Monday, June 15, 2009
June 15, Ross Creek Cedars
The sun paces overhead, recklessly casting off energy in all directions, arriving here as shafts and pools of light; search lights that probe, wherever permitted, this valley’s floor. The valley creek flows full probing as well and each; the sun, this creek have arranged and rearranged the form of this land and the life here. They have worked in symphony with time and weather, with lightning and even in this remote, less trampled place, the hand of man, to do so.
First growth cedar giants, as large as 16 feet in diameter, reach as high as the eye to compel the sun’s continued sustenance having gained the ascendancy here. Alive as a grove for 500+ years, many lay bloodied and burned; as criss-crossing barriers to passage, as stark and blackened snags and as creek blocking piles. Those fallen play a part with the rocks in stream song and direction, sometimes as partner; with force of water in the bringing down of a brother cedar through a channel changed; a fall after a fall after a fall. The creek sings a song, strident and insistent, running hard with snow melt, away from it though in the deep shadows of the big cedars, among the fern beds it is just faint choir to the songs of the birds, and the winds rustling of the seedling and bough.
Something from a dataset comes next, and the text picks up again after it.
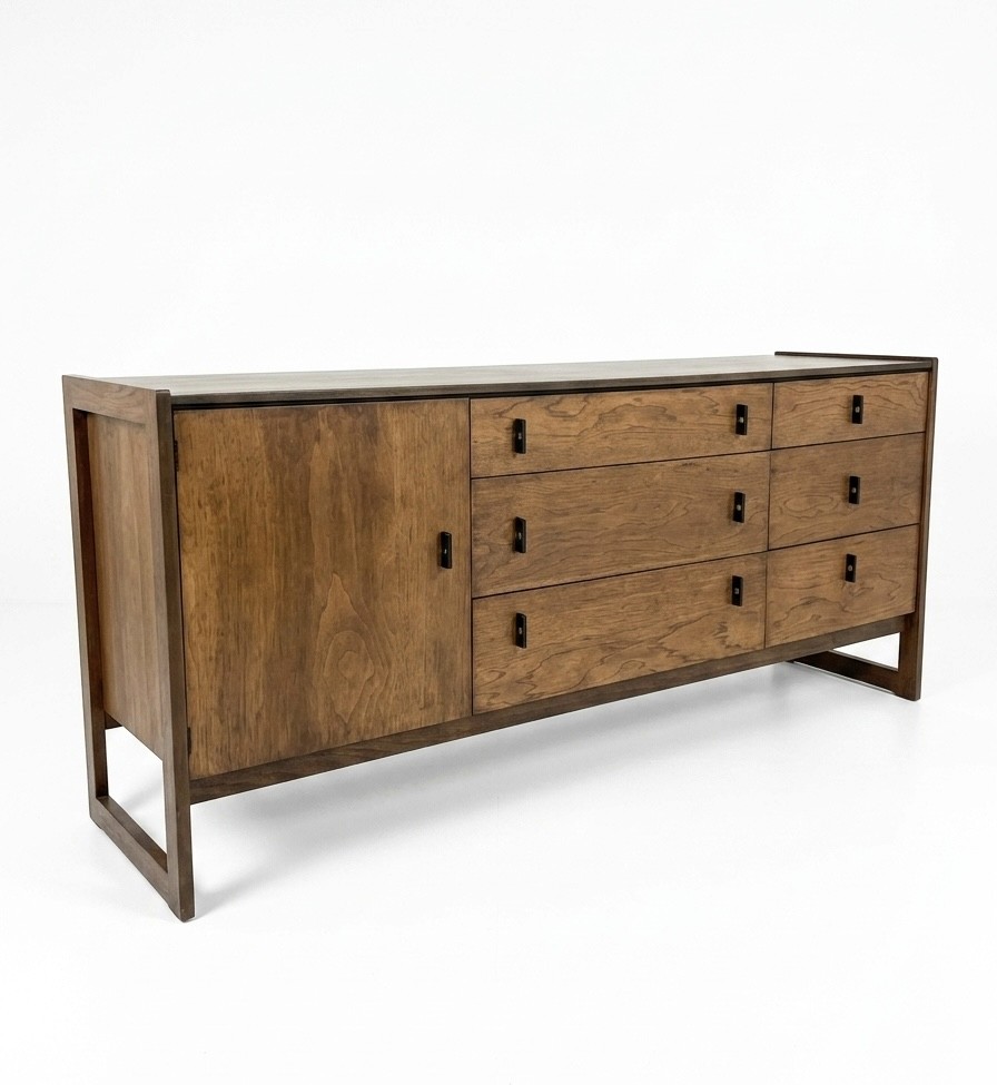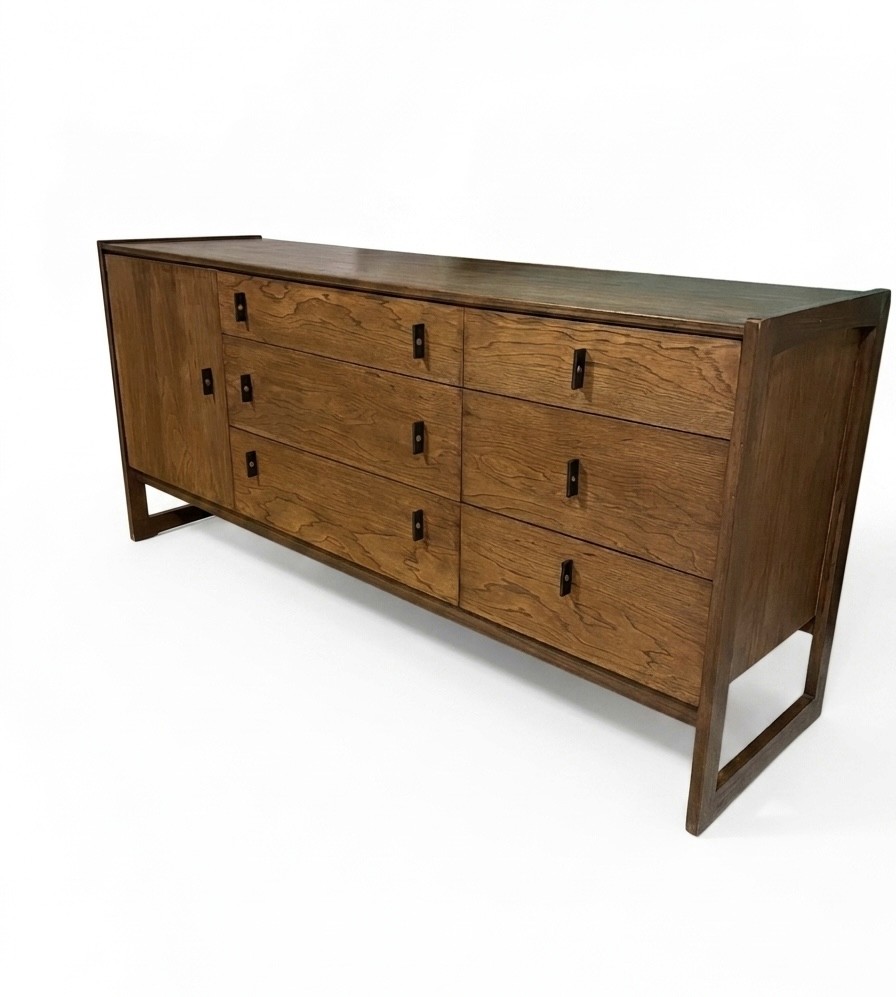 A beautifully refinished mid-century modern Kaufman in black walnut, blending clean architectural lines with highly functional storage. With its long, architectural silhouette and recessed "floating" base, it bridges the gap between a bedroom dresser and a sideboard or media console.

The varied thrush, the warbling vireo, the pink-sided junco, the hermit thrush, and others sing for food and family. The creek tears at roots, rolls and crushes rocks, making sand of the eons and forces its way down virgin path to have its say there. The burned snags, lightning lit and now flamed out, serve as a second cavern and nest site and as fodder for bug and forest floor.
For those of us passing through, time stands still in these old cedars and yet looking around the business of life and death and the relentless interminable passage of time scream with signs. Nothing is still in this valley. It pulses with impatient change, all ultimately sun bidden. This beat goes on to the drum of the pileated woodpecker making its square holes; and to us picking our way through this story of everything. A filled cup in a willed walk on the wild side.